Because the roof had self-ventilated, within 5 minutes the interior attack crew, which had remained inside the structure, was able to find the victim on the top floor and, with the help of the RIT, to remove him. The victim was carried to a waiting ambulance and transported to a local hospital where he later was pronounced dead.

The victim was on the roof for less than 7 minutes. He did not fall through the hole cut by the saw but rather through an area of the roof between the cut hole and the aerial platform. According to the Fire Department report, this area presumably failed due to direct exposure to the fire below and the weight of the victim above. The victim fell approximately 10 feet.

CAUSE OF DEATH

The cause of death per the autopsy report was smoke inhalation, intra-alveolar hemorrhage, and carbon monoxide intoxication (carboxyhemoglobin level, 30.3%).

RECOMMENDATIONS/DISCUSSION

Recommendation #1: Fire departments should enforce existing standard operating procedures (SOPs) for structural fire fighting, including the use of self-contained breathing apparatus (SCBA), Incident Command System, Truck Company Operations, and Transfer of Command. ^1–6

SCBA: According to the International Fire Service Training Association (IFSTA), “firefighters should never get on a roof wearing anything less than full protective clothing, SCBA, and a PASS device. . .” because of the possible presence of toxic products of combustion. The department in this incident has an SOP stating that SCBAs “will be worn by all personnel operating at emergency incidents above ground, below ground, or in any other area which is not, but which may become contaminated by products of combustion or other hazardous substances.” For unknown reasons, the victim was not wearing an SCBA. His partner, who survived, was wearing an SCBA and went on air before leaving the aerial platform due to heavy smoke conditions.

The victim had a carboxyhemoglobin level of 30.3%. The toxicity of carbon monoxide (CO) varies with the length of exposure, the concentration, breathing and heart rate. CO causes tissue hypoxia (low oxygen content) by preventing the blood from carrying sufficient oxygen. CO combines much more readily with the oxygen-carrying sites on the hemoglobin molecule than oxygen itself. The carboxyhemoglobin thus formed is unavailable to carry oxygen. Toxicity of CO varies with the percent carboxyhemoglobin in the blood. Reactions to CO poisoning vary with the individual and include headache, vertigo, difficulty breathing, confusion, convulsions, and coma. Carboxyhemoglobin levels greater than 55% usually are fatal; 40% levels are associated with collapse and syncope (a faint); at 15% to 25% headache and nausea may be present.
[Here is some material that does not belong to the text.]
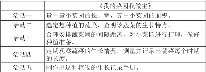 例如,学校的小菜园长期野草丛生,很多孩子跃跃欲试,想争做劳动小能手,对此,可设计主题为“我的菜园我做主”的项目式学习活动。

Incident Command System, Truck Company Operations: Departmental SOPs on the Incident Command System state that the IC is responsible for giving orders for incoming apparatus regarding staging locations. There is no record of the truck crew being given staging orders; however, SOPs for this department state that the truck company will “prepare to ventilate” upon arrival at a fire scene, and will “coordinate the method and timing of the ventilation/rescue with the Incident Commander.” The driver of the aerial platform truck (the victim) initially parked on a grade and, thus, was not prepared to ventilate. He later had to reposition the truck to set up, causing a delay of several minutes.
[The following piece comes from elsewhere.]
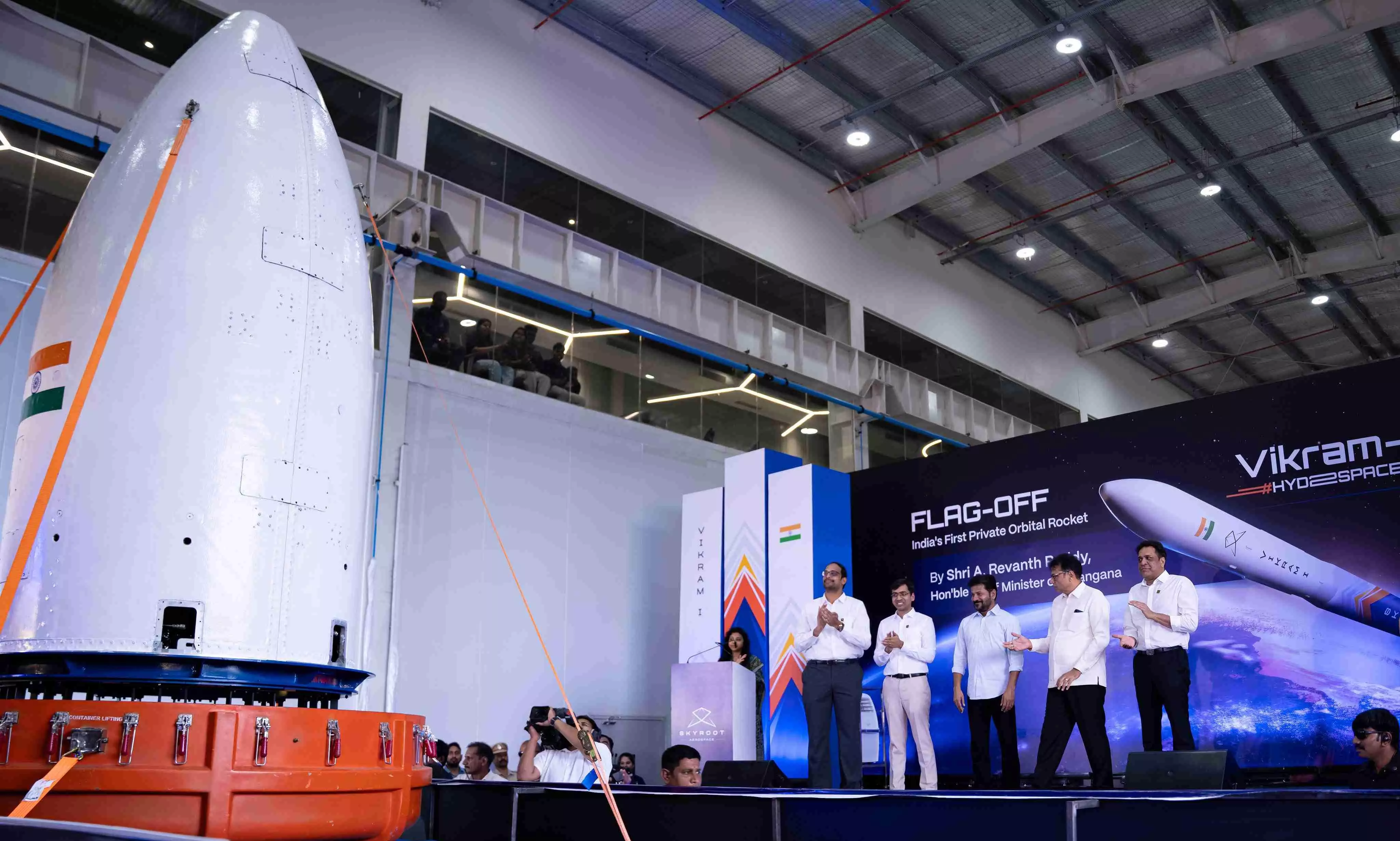 Telangana Chief Minister A Revanth Reddy flags off Vikram-1 from Skyroot's Max-Q campus in Hyderabad on April 25, 2026. Photo: X/Skyroot Aerospace

Transfer of command: NFPA 1561, §5.1.11 states that “standard operating procedures shall define the circumstances and procedures for transferring command to another on-scene officer/member and shall specify to whom command shall be transferred.” The SOP for this department states that “when transfer of command occurs, a formal declaration shall be made over the radio identifying the unit number of the new IC.” At this incident, there was no record of a formal/radio transfer of command during the time the IC was inside the structure.

Recommendation #2: Fire departments should ensure that the Incident Commander evaluates resource requirements during the initial size-up and continuously evaluates the risk versus benefit when determining whether the operation will be offensive or defensive. ^7–9

Discussion: One of the most important size-up duties of the first-in officers is locating the fire and determining its severity. This information lays the foundation for the entire operation. It determines the resource requirements (number of fire fighters, amount of apparatus and equipment) needed to control the blaze, assists in determining the most effective point of fire extinguishment attack, and the most effective method of venting heat and smoke. A proper size-up begins from the moment the alarm is received, and it continues until the fire is under control. Several factors must be evaluated in conducting the size-up, for example, type of structure and construction, time of day, contents of the structure, and potential hazards.
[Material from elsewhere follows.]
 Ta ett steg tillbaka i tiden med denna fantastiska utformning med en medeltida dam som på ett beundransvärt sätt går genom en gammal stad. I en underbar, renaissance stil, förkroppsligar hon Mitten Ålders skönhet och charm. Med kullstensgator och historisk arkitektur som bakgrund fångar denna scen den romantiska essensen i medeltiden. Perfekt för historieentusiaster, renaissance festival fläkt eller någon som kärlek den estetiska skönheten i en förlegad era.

The size-up must include continued assessment of risk versus benefit during incident operations. According to NFPA 1500 §A-6-2.1.1, “The acceptable level of risk is directly related to the potential to save lives or property. Where there is no potential to save lives, the risk to fire department members must be evaluated in proportion to the ability to save property of value. When there is no ability to save lives or property, there is no justification to expose fire department members to any avoidable risk, and defensive fire suppression operations are the appropriate strategy.” As Dunn (1992, p.291) states “When no other person’s life is in danger, the life of the firefighter has a higher priority than fire containment.”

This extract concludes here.